Extracted records START

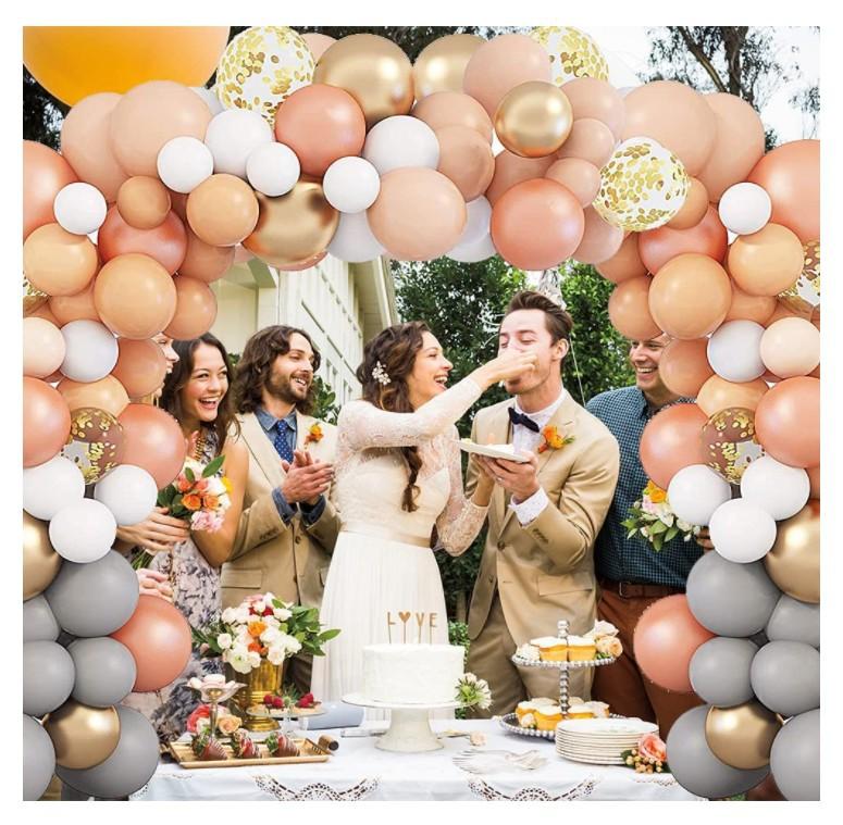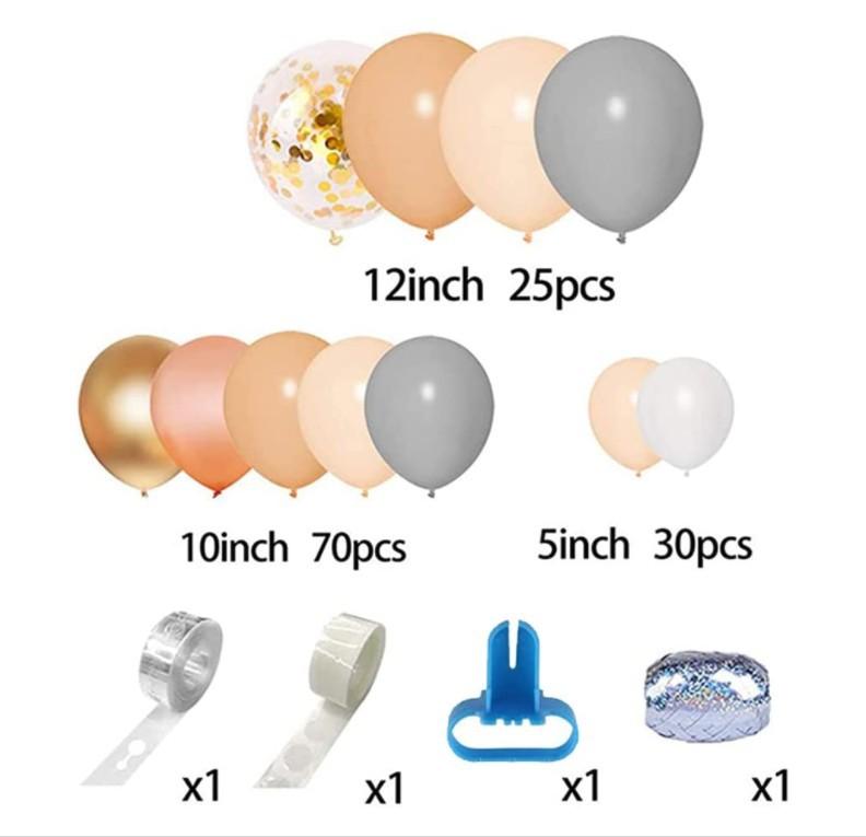 Kit de arco de guirnalda de globos: 5 pulgadas en total,30Pieza, 10 pulgadas, color rosa15piezas, total 10 pulgadas, globo metálico dorado10piezas, 12 pulgadas, lentejuelas transparentes de oro rosa10Piezas, 12 pulgadas, naranja/blanco15individuo30Globos de confeti dorado de 5 cm10piezas, herramienta para atar, cinta plateada, una cadena para globos de 16,5" y un rollo de 100 puntas para globos.
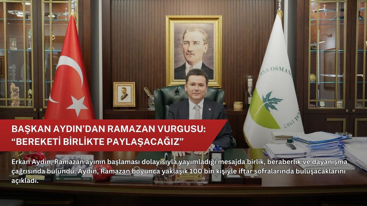 Osmangazi Belediyesi, Ramazan ayı boyunca sosyal dayanışma ve paylaşma kültürünü güçlendirecek etkinliklere imza atmaya hazırlanıyor. Osmangazi Belediye Başkanı Erkan Aydın, 11 ayın sultanı Ramazan’ın başlaması dolayısıyla yayımladığı mesajda, bu mübarek ayın manevi atmosferinin toplumsal birlikteliği pekiştirmesini temenni etti.
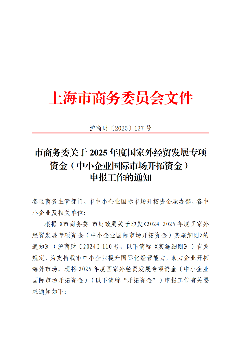 ??根據(jù)《市商務委 市財政局關(guān)于印發(fā)<2024-2025年度國家外經(jīng)貿(mào)發(fā)展專項資金(中小企業(yè)國際市場開拓資金)實施細則>的通知》(滬商財〔2024〕110號,以下簡稱《實施細則》)有關(guān)規(guī)定,為支持我市中小企業(yè)提升國際化經(jīng)營能力,助力企業(yè)開拓海外市場,現(xiàn)將2025年度國家外經(jīng)貿(mào)發(fā)展專項資金(中小企業(yè)國際市場開拓資金)(以下簡稱“開拓資金”)申報工作有關(guān)要求通知如下:
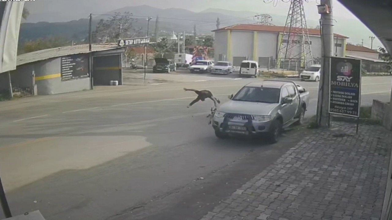 Kaza; Dörtyol ilçesi Altınçağ Mahallesi’nde yaşandı. Seyir halinde ilerlerken karşı şeride geçen motosiklet, karşıdan gelen ciple kafa kafaya çarpıştı. Kazada ciple çarpışan motosikletin sürücüsü savrularak metrelerce havaya uçtu. Kaza anıysa an be an güvenlik kamerasına yansıdı. Yaralı motosiklet sürücüsü olay yerindeki ilk müdahalenin ardından hastanede tedavi altına alındı.
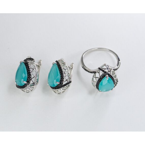 Комплект (серьги+кольцо) из гипоаллергенного ювелирного сплава серого цвета. Вставка- кварц черного и зеленого цвета. Высота серег и кольца-2см, ширина-1,3см. В серьгах английский замок. Кольцо-18,0.
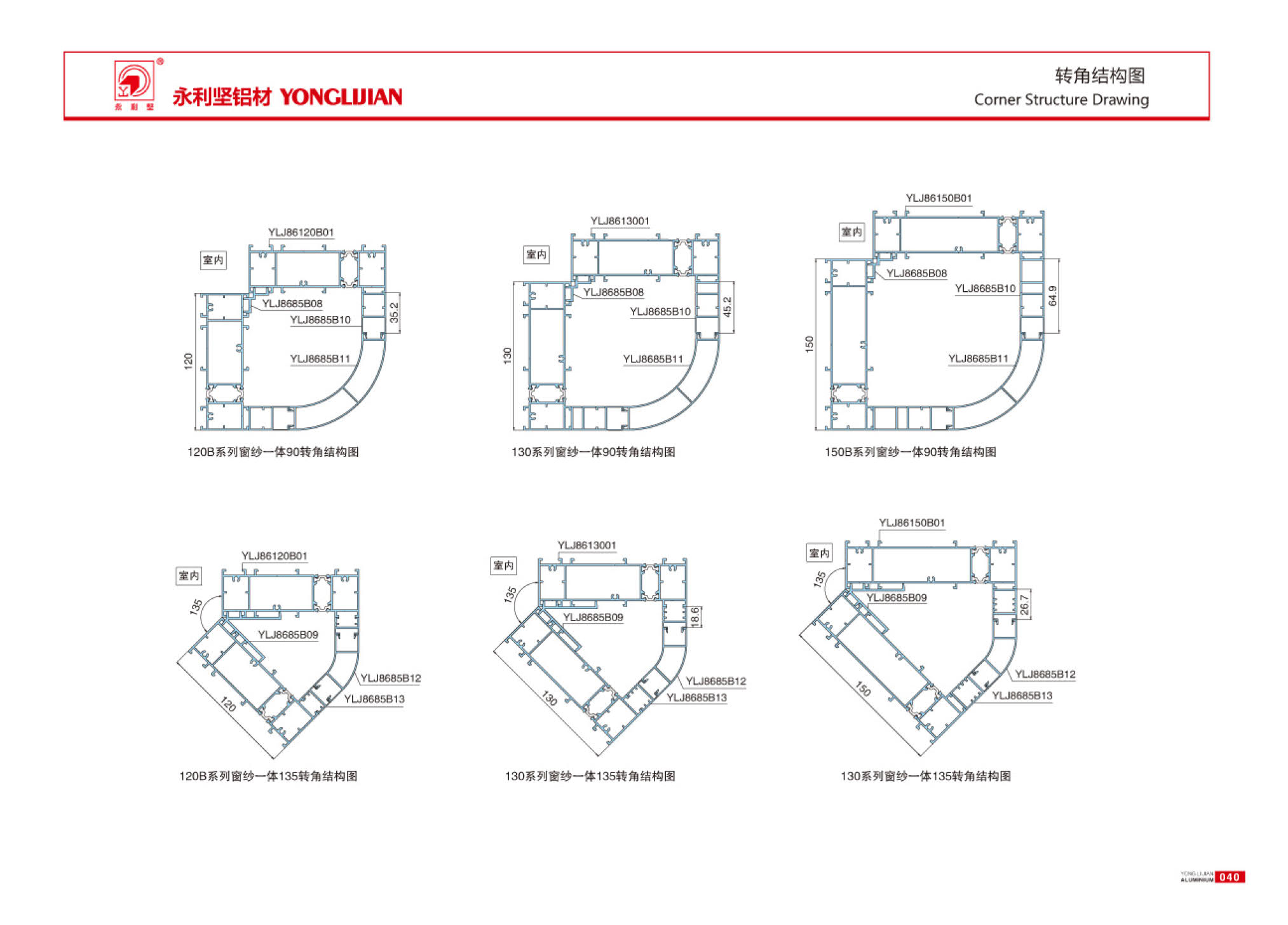 108H、120H、130H、150H系列隔热窗纱一体内开内倒窗系列
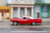HAVANA, CUBA - PAŹDZIERNIK 21, 2017: Stary samochód w Hawanie, Kuba. Pojazd Retro zazwyczaj używany jako taksówka dla mieszkańców i turystów. Panning czerwony kolor samochodu
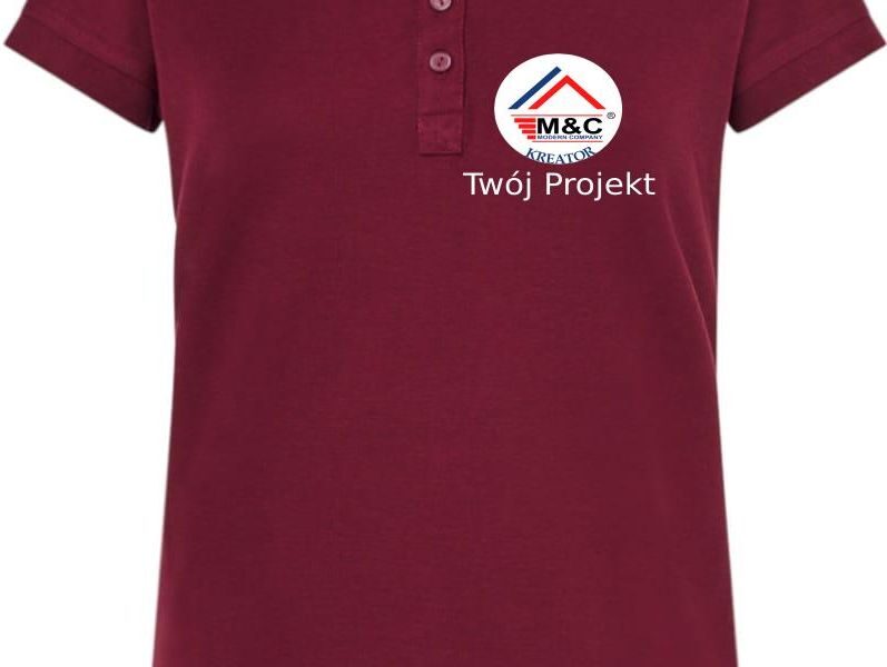 M&C Koszulka Polo Damska Bordowa – Nadruk Na Piersi
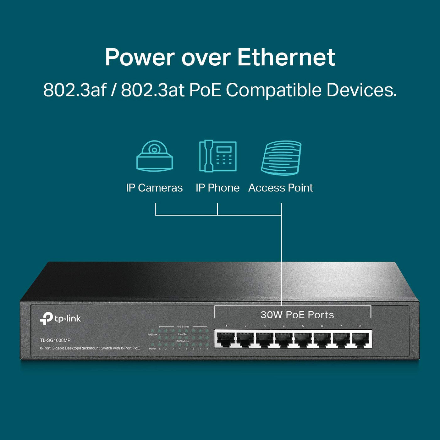 Q: What is the maximum power output per port on the TP-Link TL-SG1008MP?A: The TP-Link TL-SG1008MP provides a maximum power output of up to 30W per port, allowing it to support high-powered devices such as IP cameras and wireless access points.
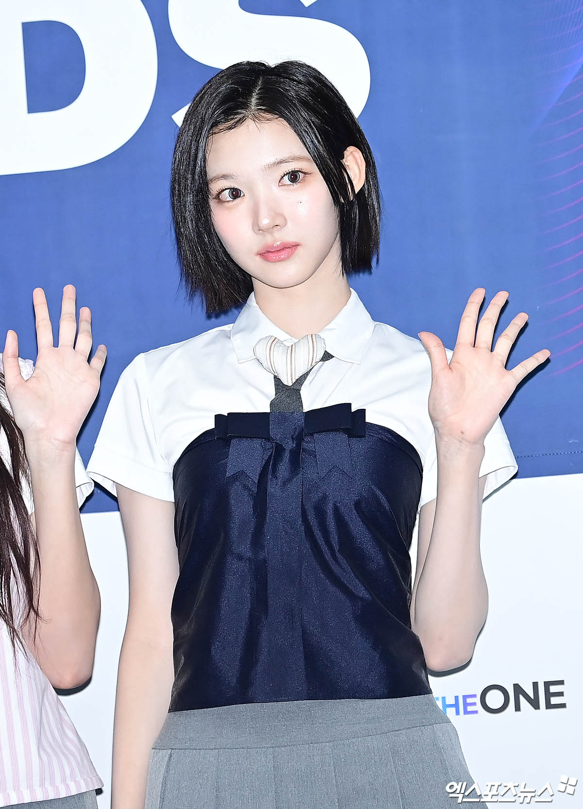 이날 행사에 참석한 하츠투하츠 지우가 포토타임을 갖고 있다.
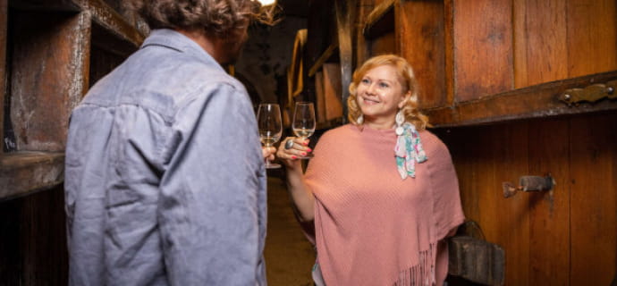 Une fois au domaine, il vous conduira 7 mètres sous terre, dans la fameuse Cave de l’enfer. En descendant les escaliers, vous arriverez dans de jolies caves voûtées qui ont servi à abriter les habitants pendant la Deuxième Guerre Mondiale. Dans ce lieu chargé d’histoire, au milieu de 45 foudres en chêne centenaires, Francis vous proposera une dégustation à la chandelle. Vivez une dégustation d’exception dans cette ambiance et ce lieu chargé d’histoire.
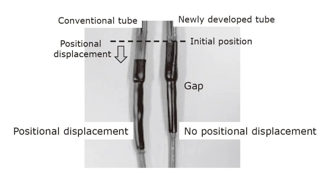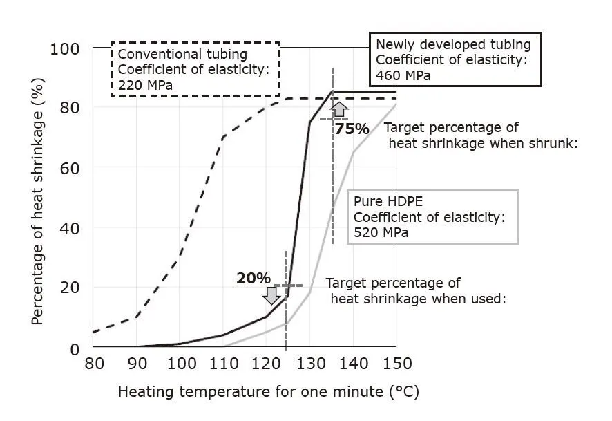 由于高密度聚乙烯(HDPE)*5的彈性系數(shù)高于其他類型的聚乙烯,因此有望提供高機(jī)械強(qiáng)度。然而,發(fā)現(xiàn)HDPE在加熱到135℃(略低于其熔點(diǎn)的溫度)一分鐘時不能充分收縮。相反,其他類型的聚乙烯在加熱到125°C時會收縮,但在125°C的使用溫度下會軟化,從而在徑向方向上產(chǎn)生內(nèi)應(yīng)力并滑出其預(yù)期位置(圖5)。
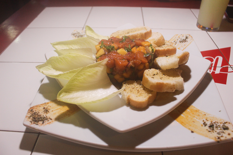 Começamos pedindo de entrada o Ceviche de Salmão com Manga, que estava uma delícia. A porção serviu para duas pessoas como entradinha.
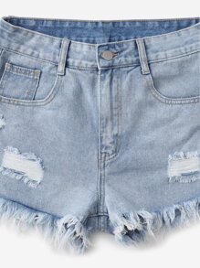 Denim Shorts mit Riss, rohem Saum
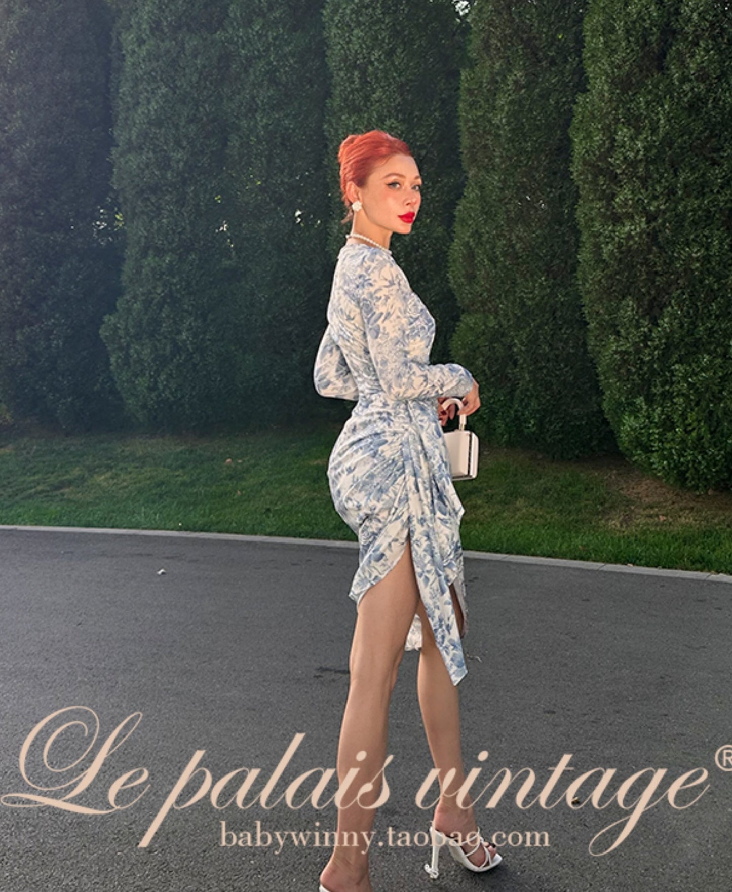 Discover elegance at its finest with the Le Palais Vintage High End Blue Long Sleeve Asymmetrical Pleated Midi Dinner Dress, featuring sophisticated pleating and a luxurious asymmetrical design. Perfect for any high-end occasion, this dress will make you stand out and exude an air of exclusivity. Elevate your style with Le Palais Vintage.
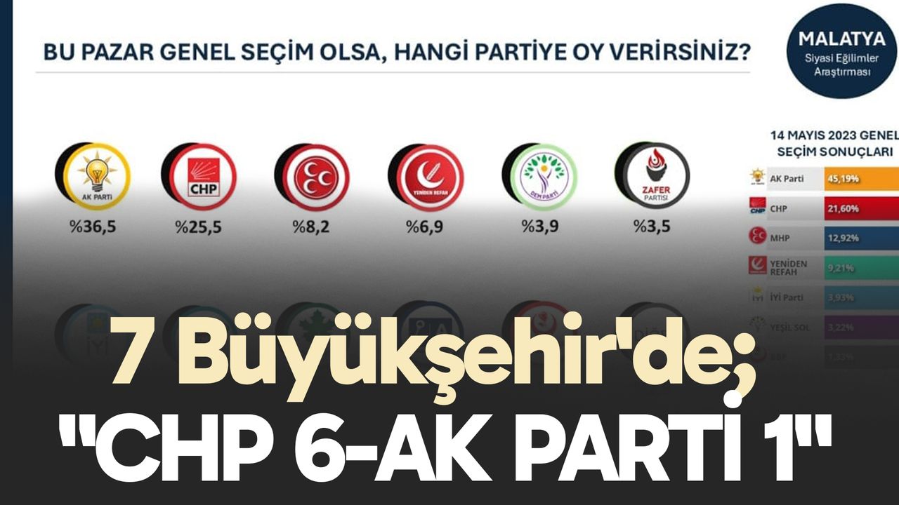 Öte yandan 2-8 Mayıs arasında 7 büyükşehirde yapılan ankette sadece bir büyükşehirde Ak Parti birinci parti oldu. Malatya'da Ak Parti yüzde 36.5 oy alırken CHP yüzde 25.5 oy oranında kaldı.
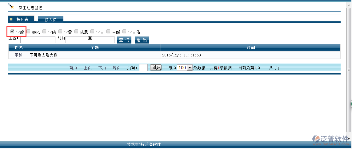 OA動(dòng)態(tài)監(jiān)控專為領(lǐng)導(dǎo)層設(shè)置,只要設(shè)置了領(lǐng)導(dǎo)權(quán)限可以監(jiān)控下屬員工的任何動(dòng)態(tài),即可在動(dòng)態(tài)監(jiān)控頁面查看所有員工的信息。讓領(lǐng)導(dǎo)層更加清楚了解員工需求以及最新動(dòng)態(tài)。系統(tǒng)默認(rèn)查詢所有員工,可以選擇單個(gè)員工進(jìn)行查看
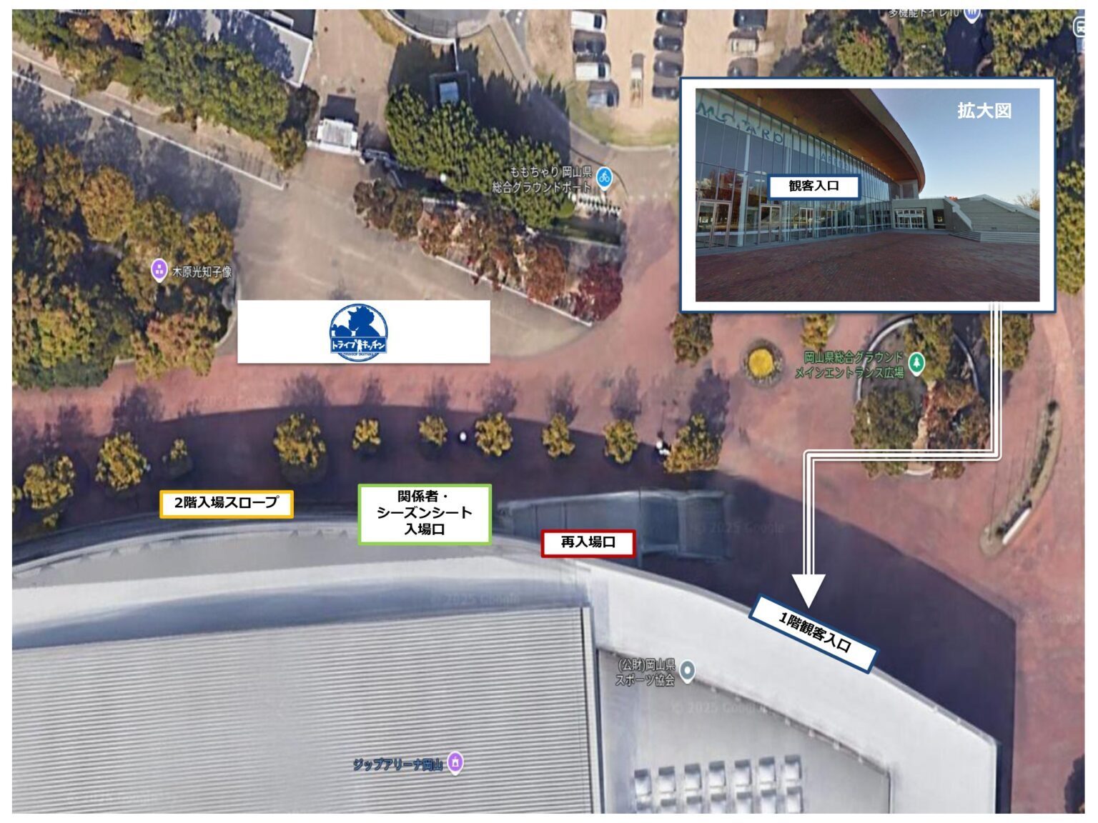 シゲトーアリーナ岡山においては2023-24シーズンより、皆様を1階東側の入口よりお迎えしておりました。
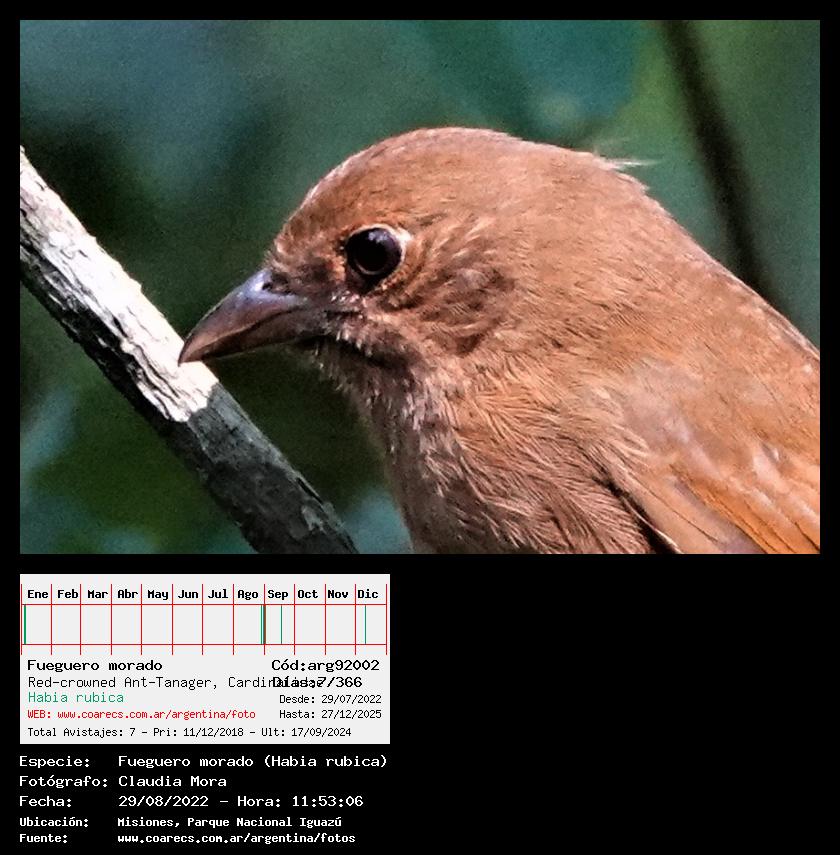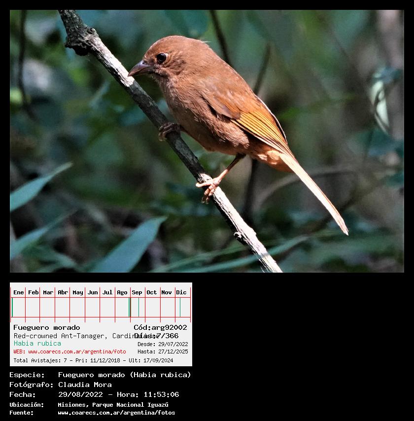 [arg92002] - Fueguero morado - Red-crowned Ant-Tanager -
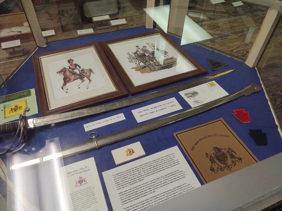 Exhibit about the First Troop Philadelphia Cavalry, the oldest Pennsylvania military unit Formed during the Revolution, it was in the field during the Gettysburg campaign. Author Photo.

Extracted records END

Problem
Write out again exactly the lines above from the one with "Q: What is the" through the one with "이날 행사에 참석한 하츠투하츠 지우가 포토타임을 갖고 있다.", adding no other lines and no pictures.

Result of the task
 Q: What is the maximum power output per port on the TP-Link TL-SG1008MP?A: The TP-Link TL-SG1008MP provides a maximum power output of up to 30W per port, allowing it to support high-powered devices such as IP cameras and wireless access points.
 이날 행사에 참석한 하츠투하츠 지우가 포토타임을 갖고 있다.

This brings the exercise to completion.